What is required: The records below are to be restated word for word, with every picture left out.

Supplied records:
● ● ● ● ●
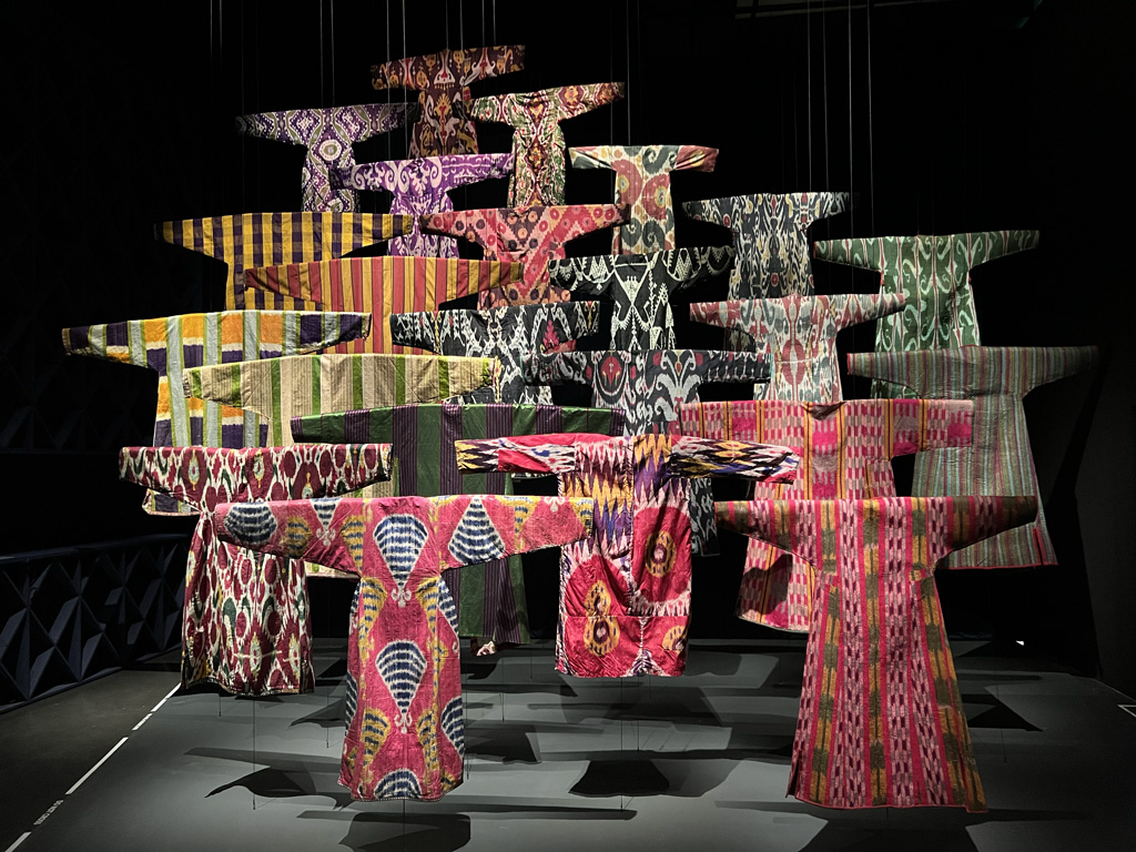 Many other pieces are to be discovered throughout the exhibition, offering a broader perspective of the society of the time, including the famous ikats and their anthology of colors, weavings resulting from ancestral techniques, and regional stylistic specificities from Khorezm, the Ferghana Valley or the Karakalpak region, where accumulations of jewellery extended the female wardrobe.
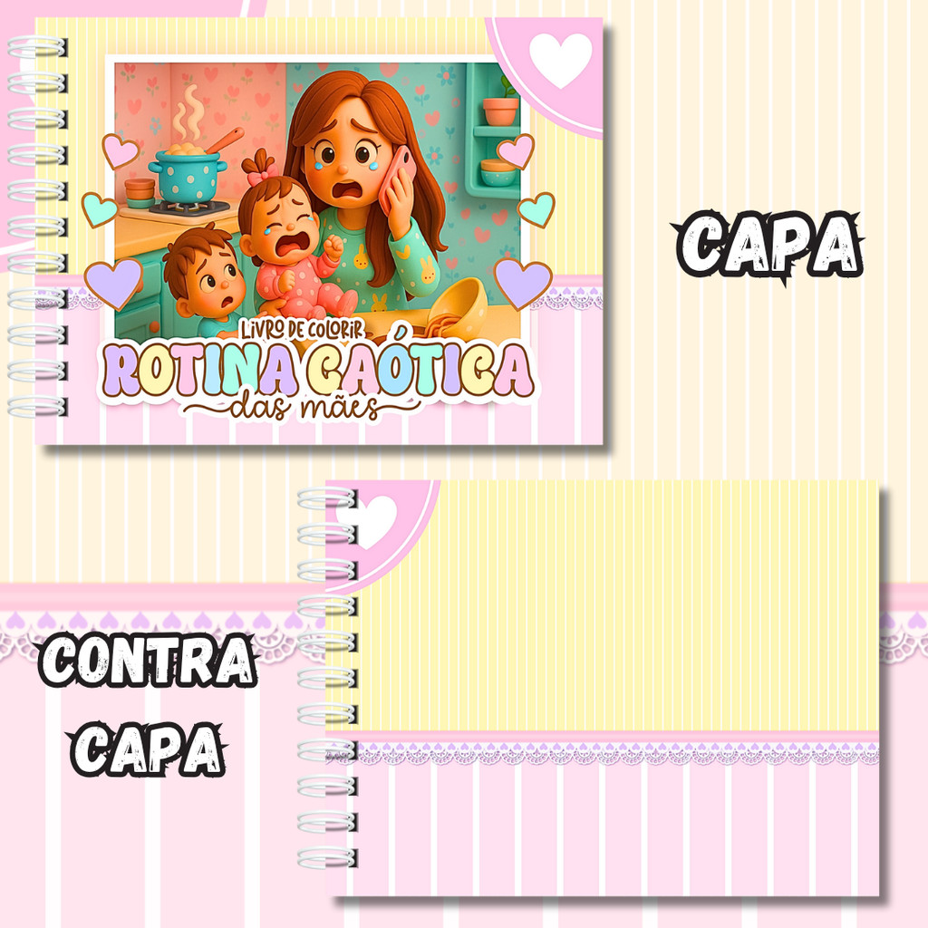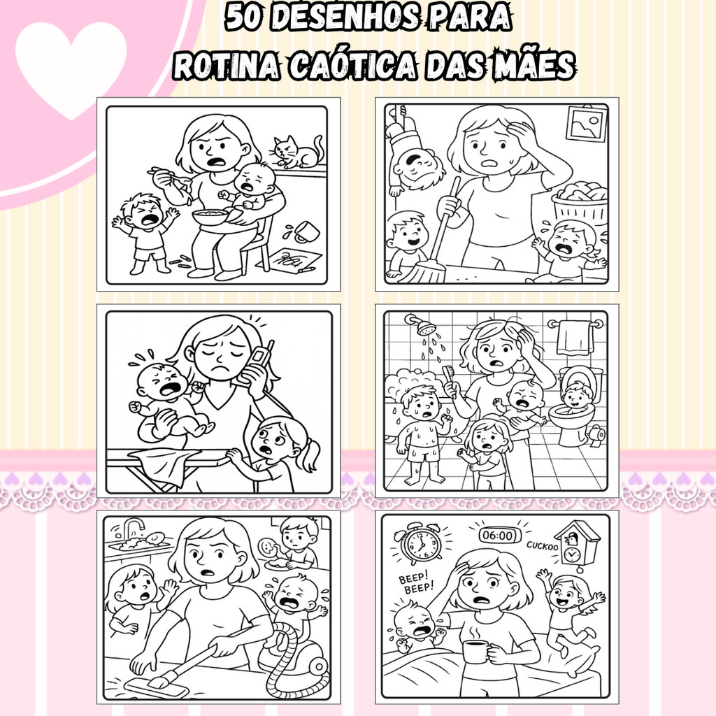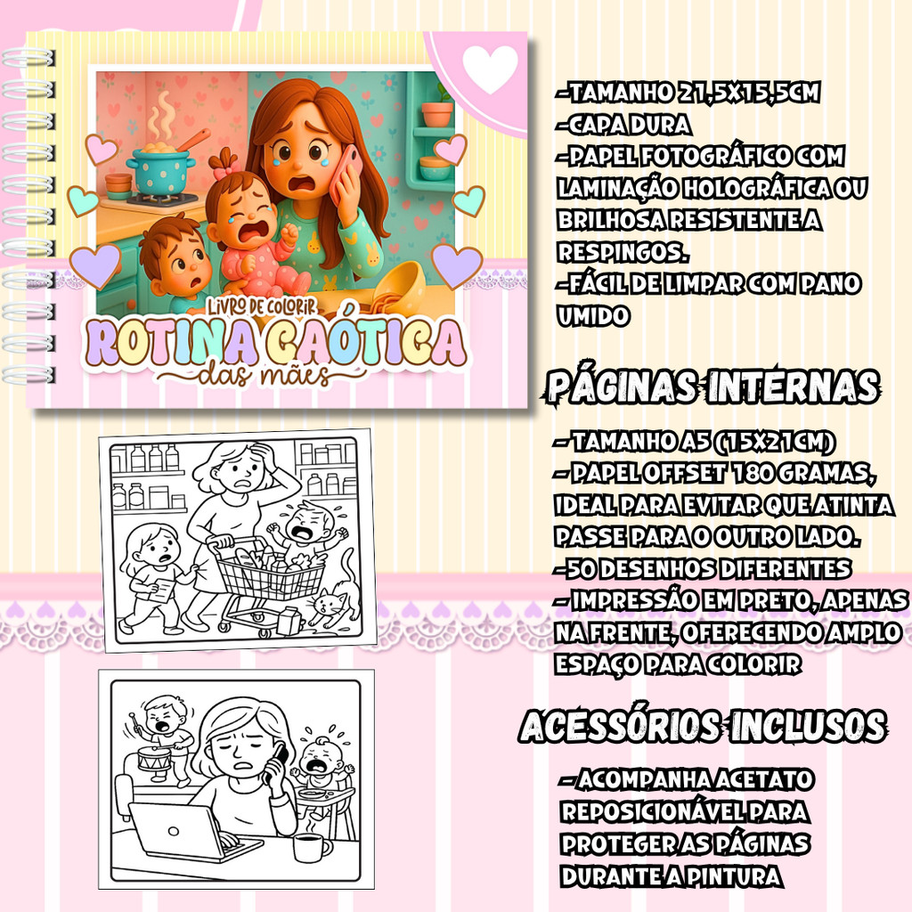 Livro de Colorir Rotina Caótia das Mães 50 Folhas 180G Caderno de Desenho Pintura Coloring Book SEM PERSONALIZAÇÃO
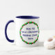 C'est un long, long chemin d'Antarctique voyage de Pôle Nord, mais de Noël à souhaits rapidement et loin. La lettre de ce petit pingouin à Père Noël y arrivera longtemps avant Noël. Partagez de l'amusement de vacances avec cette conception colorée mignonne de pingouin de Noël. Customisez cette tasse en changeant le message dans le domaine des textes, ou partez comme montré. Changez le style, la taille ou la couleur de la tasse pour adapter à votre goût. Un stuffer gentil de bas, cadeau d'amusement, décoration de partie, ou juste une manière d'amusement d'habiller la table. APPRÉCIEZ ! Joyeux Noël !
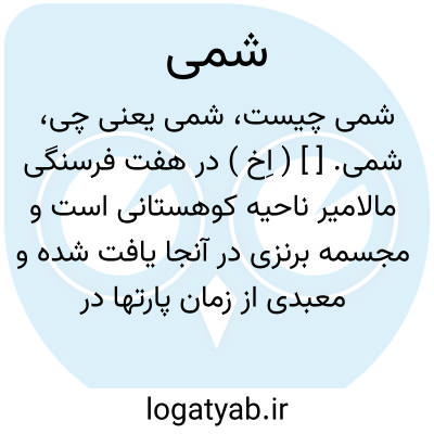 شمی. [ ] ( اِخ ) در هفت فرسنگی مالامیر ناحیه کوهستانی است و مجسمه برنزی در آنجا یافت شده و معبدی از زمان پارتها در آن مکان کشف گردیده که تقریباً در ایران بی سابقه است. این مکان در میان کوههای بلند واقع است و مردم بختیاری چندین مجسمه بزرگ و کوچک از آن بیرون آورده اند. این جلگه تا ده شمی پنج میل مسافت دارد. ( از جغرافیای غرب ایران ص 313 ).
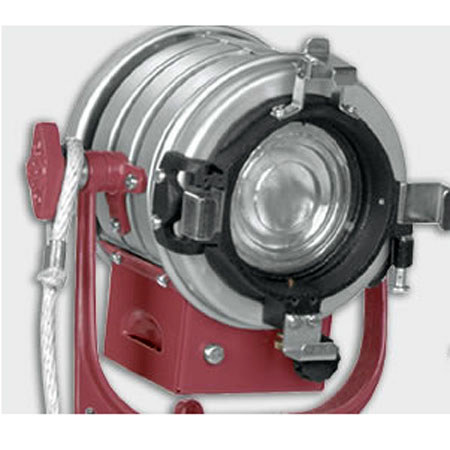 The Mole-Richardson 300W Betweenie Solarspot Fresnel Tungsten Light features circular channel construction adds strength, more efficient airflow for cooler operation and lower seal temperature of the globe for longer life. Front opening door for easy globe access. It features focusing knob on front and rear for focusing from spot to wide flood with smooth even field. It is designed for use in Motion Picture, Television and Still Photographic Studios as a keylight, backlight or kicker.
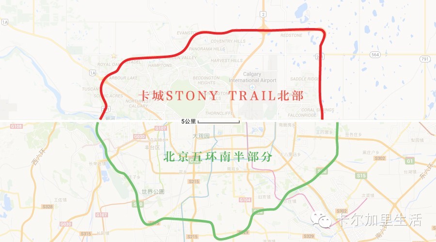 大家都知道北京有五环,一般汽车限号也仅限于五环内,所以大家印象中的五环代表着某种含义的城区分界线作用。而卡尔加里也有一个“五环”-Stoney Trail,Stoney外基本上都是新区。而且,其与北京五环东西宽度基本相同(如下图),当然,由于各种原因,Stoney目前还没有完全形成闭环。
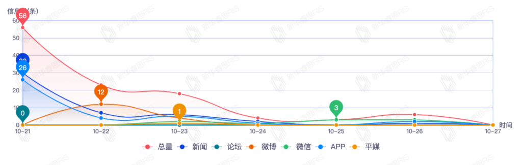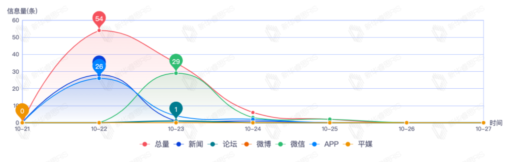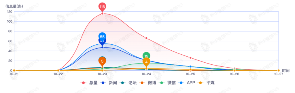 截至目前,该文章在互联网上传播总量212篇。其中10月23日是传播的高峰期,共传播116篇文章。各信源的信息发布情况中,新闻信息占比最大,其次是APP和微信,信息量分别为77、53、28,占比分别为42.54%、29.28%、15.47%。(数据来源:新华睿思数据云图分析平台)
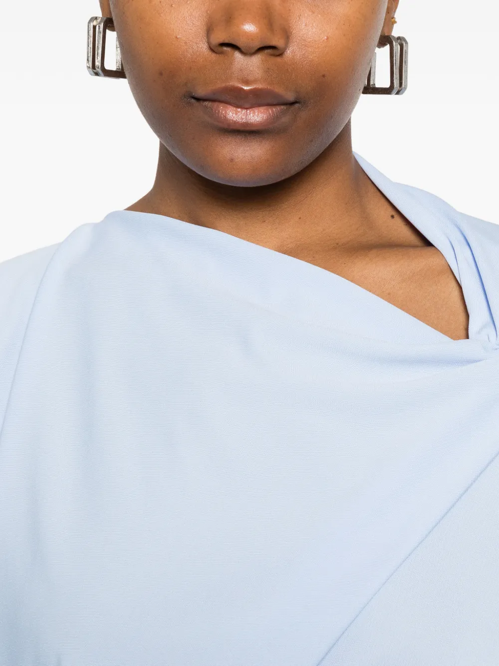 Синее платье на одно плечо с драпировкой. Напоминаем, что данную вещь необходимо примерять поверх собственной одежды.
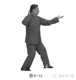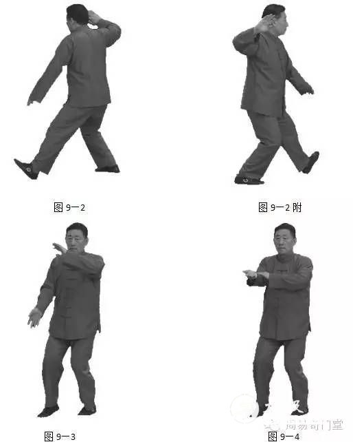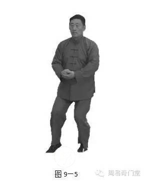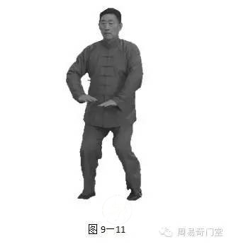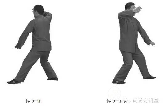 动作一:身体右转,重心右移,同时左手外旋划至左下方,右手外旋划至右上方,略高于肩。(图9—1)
● ● ● ● ●
Completed task:
 Many other pieces are to be discovered throughout the exhibition, offering a broader perspective of the society of the time, including the famous ikats and their anthology of colors, weavings resulting from ancestral techniques, and regional stylistic specificities from Khorezm, the Ferghana Valley or the Karakalpak region, where accumulations of jewellery extended the female wardrobe.
 Livro de Colorir Rotina Caótia das Mães 50 Folhas 180G Caderno de Desenho Pintura Coloring Book SEM PERSONALIZAÇÃO
 C'est un long, long chemin d'Antarctique voyage de Pôle Nord, mais de Noël à souhaits rapidement et loin. La lettre de ce petit pingouin à Père Noël y arrivera longtemps avant Noël. Partagez de l'amusement de vacances avec cette conception colorée mignonne de pingouin de Noël. Customisez cette tasse en changeant le message dans le domaine des textes, ou partez comme montré. Changez le style, la taille ou la couleur de la tasse pour adapter à votre goût. Un stuffer gentil de bas, cadeau d'amusement, décoration de partie, ou juste une manière d'amusement d'habiller la table. APPRÉCIEZ ! Joyeux Noël !
 شمی. [ ] ( اِخ ) در هفت فرسنگی مالامیر ناحیه کوهستانی است و مجسمه برنزی در آنجا یافت شده و معبدی از زمان پارتها در آن مکان کشف گردیده که تقریباً در ایران بی سابقه است. این مکان در میان کوههای بلند واقع است و مردم بختیاری چندین مجسمه بزرگ و کوچک از آن بیرون آورده اند. این جلگه تا ده شمی پنج میل مسافت دارد. ( از جغرافیای غرب ایران ص 313 ).
 The Mole-Richardson 300W Betweenie Solarspot Fresnel Tungsten Light features circular channel construction adds strength, more efficient airflow for cooler operation and lower seal temperature of the globe for longer life. Front opening door for easy globe access. It features focusing knob on front and rear for focusing from spot to wide flood with smooth even field. It is designed for use in Motion Picture, Television and Still Photographic Studios as a keylight, backlight or kicker.
 大家都知道北京有五环,一般汽车限号也仅限于五环内,所以大家印象中的五环代表着某种含义的城区分界线作用。而卡尔加里也有一个“五环”-Stoney Trail,Stoney外基本上都是新区。而且,其与北京五环东西宽度基本相同(如下图),当然,由于各种原因,Stoney目前还没有完全形成闭环。
 截至目前,该文章在互联网上传播总量212篇。其中10月23日是传播的高峰期,共传播116篇文章。各信源的信息发布情况中,新闻信息占比最大,其次是APP和微信,信息量分别为77、53、28,占比分别为42.54%、29.28%、15.47%。(数据来源:新华睿思数据云图分析平台)
 Синее платье на одно плечо с драпировкой. Напоминаем, что данную вещь необходимо примерять поверх собственной одежды.
 动作一:身体右转,重心右移,同时左手外旋划至左下方,右手外旋划至右上方,略高于肩。(图9—1)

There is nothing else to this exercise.